**Work to complete**
The task for the listing below is to write out exactly the lines starting at the one containing "فأقسم، حبسا حتى" and ending at the one containing "Minecraft brick, Πασχαλινή", both included. Pictures are to be omitted.

===== Exercise input =====

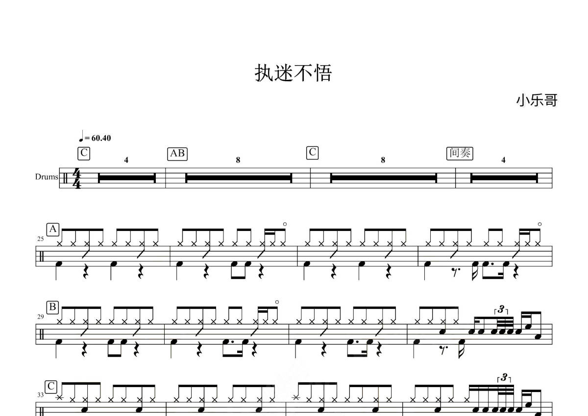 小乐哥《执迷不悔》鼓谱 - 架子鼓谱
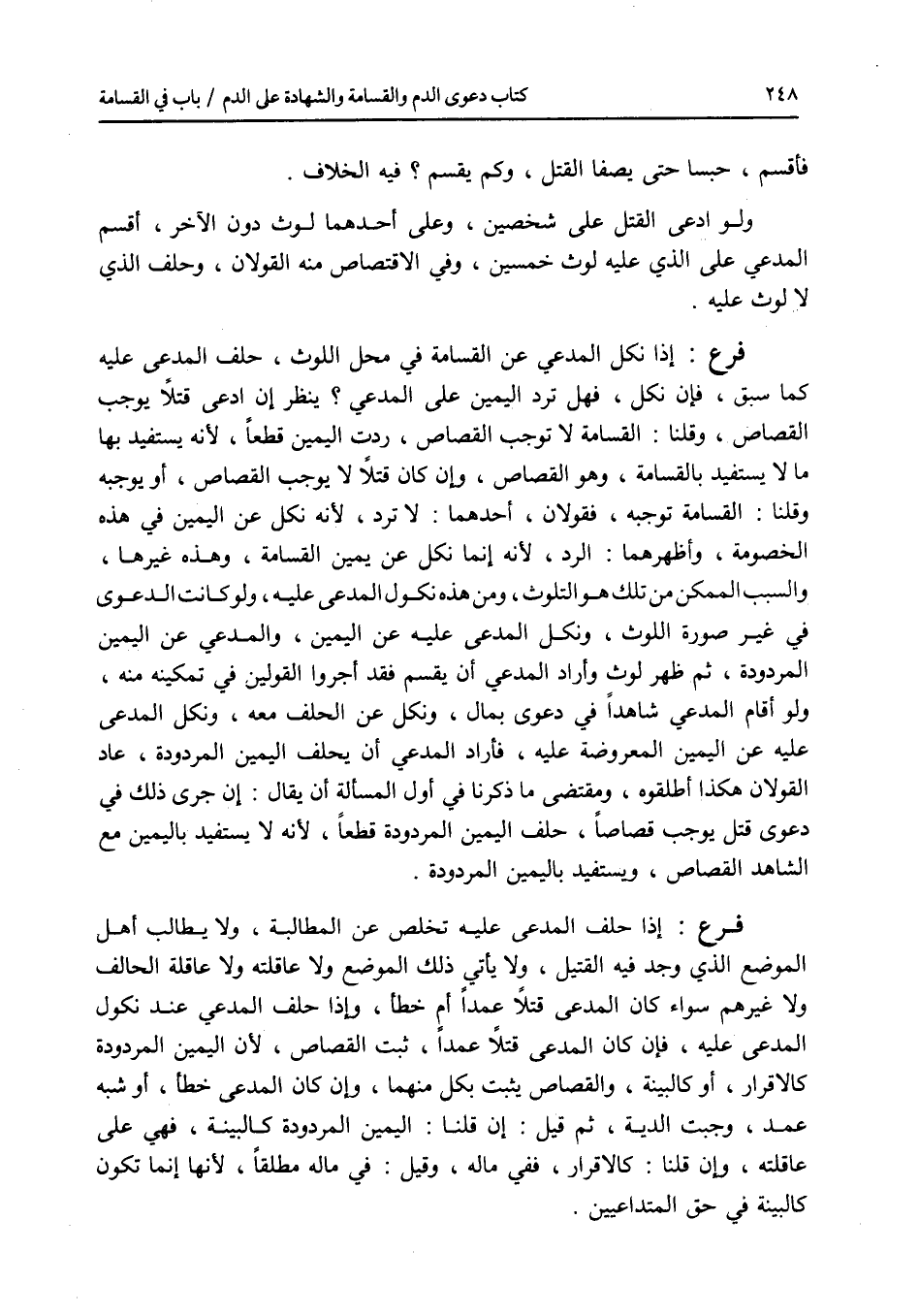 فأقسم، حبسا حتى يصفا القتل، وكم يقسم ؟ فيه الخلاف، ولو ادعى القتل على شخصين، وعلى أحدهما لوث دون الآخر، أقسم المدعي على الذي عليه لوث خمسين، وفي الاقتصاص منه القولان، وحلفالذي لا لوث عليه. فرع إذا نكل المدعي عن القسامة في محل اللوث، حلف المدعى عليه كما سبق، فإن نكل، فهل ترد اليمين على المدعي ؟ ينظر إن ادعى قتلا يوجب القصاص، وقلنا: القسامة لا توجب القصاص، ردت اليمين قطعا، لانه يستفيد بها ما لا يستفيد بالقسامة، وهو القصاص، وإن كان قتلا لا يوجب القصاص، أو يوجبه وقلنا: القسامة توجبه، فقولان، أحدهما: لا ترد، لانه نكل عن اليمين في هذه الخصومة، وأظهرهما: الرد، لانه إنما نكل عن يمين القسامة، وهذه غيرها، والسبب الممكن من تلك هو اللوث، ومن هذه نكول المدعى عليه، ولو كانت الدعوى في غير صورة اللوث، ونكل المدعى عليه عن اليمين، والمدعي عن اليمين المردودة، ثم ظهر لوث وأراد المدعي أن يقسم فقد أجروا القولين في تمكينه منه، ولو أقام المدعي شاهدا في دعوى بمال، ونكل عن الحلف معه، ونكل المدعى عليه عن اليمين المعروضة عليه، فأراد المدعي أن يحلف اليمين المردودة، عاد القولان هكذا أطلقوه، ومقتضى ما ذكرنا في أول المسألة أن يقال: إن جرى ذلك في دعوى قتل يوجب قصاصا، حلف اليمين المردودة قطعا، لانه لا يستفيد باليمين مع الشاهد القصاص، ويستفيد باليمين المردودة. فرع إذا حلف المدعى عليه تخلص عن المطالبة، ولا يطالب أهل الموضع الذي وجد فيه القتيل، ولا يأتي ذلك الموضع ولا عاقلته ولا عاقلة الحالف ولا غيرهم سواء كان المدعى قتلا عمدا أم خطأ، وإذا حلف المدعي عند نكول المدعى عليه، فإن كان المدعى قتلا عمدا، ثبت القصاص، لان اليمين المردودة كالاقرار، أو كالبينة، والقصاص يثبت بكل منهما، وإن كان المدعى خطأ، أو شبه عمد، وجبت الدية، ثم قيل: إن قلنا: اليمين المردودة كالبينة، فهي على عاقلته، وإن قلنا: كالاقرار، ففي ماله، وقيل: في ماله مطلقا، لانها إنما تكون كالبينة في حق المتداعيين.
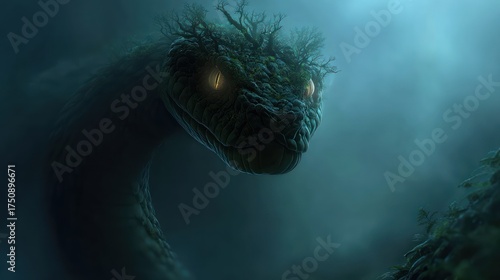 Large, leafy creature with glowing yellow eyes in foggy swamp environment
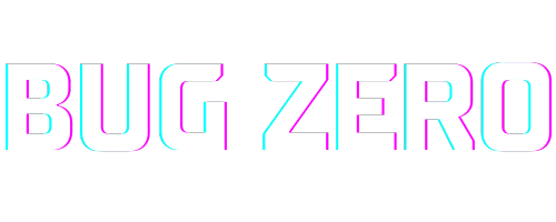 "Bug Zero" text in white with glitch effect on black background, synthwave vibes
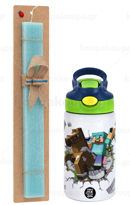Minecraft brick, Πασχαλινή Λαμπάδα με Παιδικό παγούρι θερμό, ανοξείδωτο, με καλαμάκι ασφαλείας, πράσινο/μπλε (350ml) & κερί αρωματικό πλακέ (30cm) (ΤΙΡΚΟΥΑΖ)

=====
===== Exercise input =====

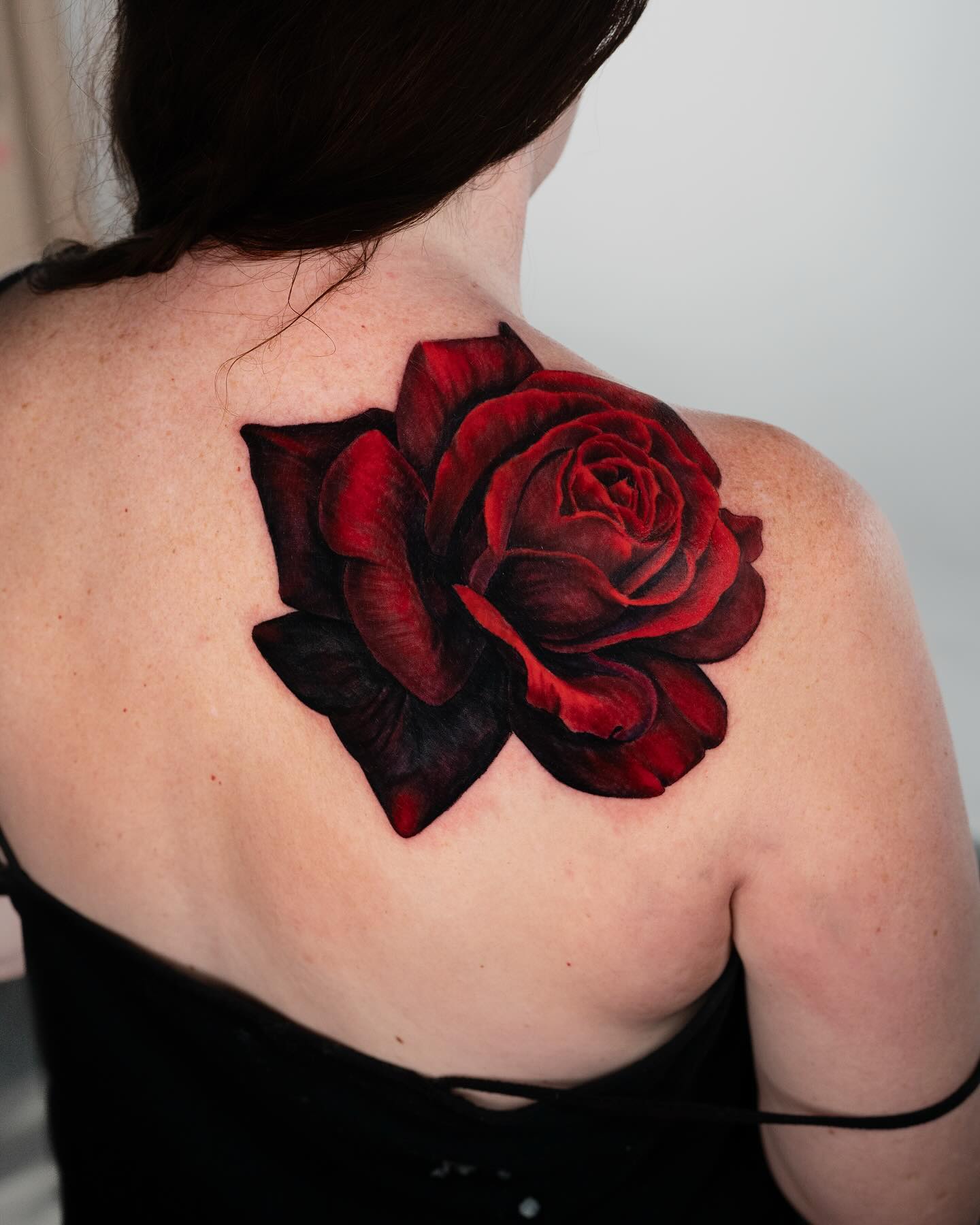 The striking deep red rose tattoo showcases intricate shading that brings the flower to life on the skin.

=====

**Task result**
 فأقسم، حبسا حتى يصفا القتل، وكم يقسم ؟ فيه الخلاف، ولو ادعى القتل على شخصين، وعلى أحدهما لوث دون الآخر، أقسم المدعي على الذي عليه لوث خمسين، وفي الاقتصاص منه القولان، وحلفالذي لا لوث عليه. فرع إذا نكل المدعي عن القسامة في محل اللوث، حلف المدعى عليه كما سبق، فإن نكل، فهل ترد اليمين على المدعي ؟ ينظر إن ادعى قتلا يوجب القصاص، وقلنا: القسامة لا توجب القصاص، ردت اليمين قطعا، لانه يستفيد بها ما لا يستفيد بالقسامة، وهو القصاص، وإن كان قتلا لا يوجب القصاص، أو يوجبه وقلنا: القسامة توجبه، فقولان، أحدهما: لا ترد، لانه نكل عن اليمين في هذه الخصومة، وأظهرهما: الرد، لانه إنما نكل عن يمين القسامة، وهذه غيرها، والسبب الممكن من تلك هو اللوث، ومن هذه نكول المدعى عليه، ولو كانت الدعوى في غير صورة اللوث، ونكل المدعى عليه عن اليمين، والمدعي عن اليمين المردودة، ثم ظهر لوث وأراد المدعي أن يقسم فقد أجروا القولين في تمكينه منه، ولو أقام المدعي شاهدا في دعوى بمال، ونكل عن الحلف معه، ونكل المدعى عليه عن اليمين المعروضة عليه، فأراد المدعي أن يحلف اليمين المردودة، عاد القولان هكذا أطلقوه، ومقتضى ما ذكرنا في أول المسألة أن يقال: إن جرى ذلك في دعوى قتل يوجب قصاصا، حلف اليمين المردودة قطعا، لانه لا يستفيد باليمين مع الشاهد القصاص، ويستفيد باليمين المردودة. فرع إذا حلف المدعى عليه تخلص عن المطالبة، ولا يطالب أهل الموضع الذي وجد فيه القتيل، ولا يأتي ذلك الموضع ولا عاقلته ولا عاقلة الحالف ولا غيرهم سواء كان المدعى قتلا عمدا أم خطأ، وإذا حلف المدعي عند نكول المدعى عليه، فإن كان المدعى قتلا عمدا، ثبت القصاص، لان اليمين المردودة كالاقرار، أو كالبينة، والقصاص يثبت بكل منهما، وإن كان المدعى خطأ، أو شبه عمد، وجبت الدية، ثم قيل: إن قلنا: اليمين المردودة كالبينة، فهي على عاقلته، وإن قلنا: كالاقرار، ففي ماله، وقيل: في ماله مطلقا، لانها إنما تكون كالبينة في حق المتداعيين.
 Large, leafy creature with glowing yellow eyes in foggy swamp environment
 "Bug Zero" text in white with glitch effect on black background, synthwave vibes
Minecraft brick, Πασχαλινή Λαμπάδα με Παιδικό παγούρι θερμό, ανοξείδωτο, με καλαμάκι ασφαλείας, πράσινο/μπλε (350ml) & κερί αρωματικό πλακέ (30cm) (ΤΙΡΚΟΥΑΖ)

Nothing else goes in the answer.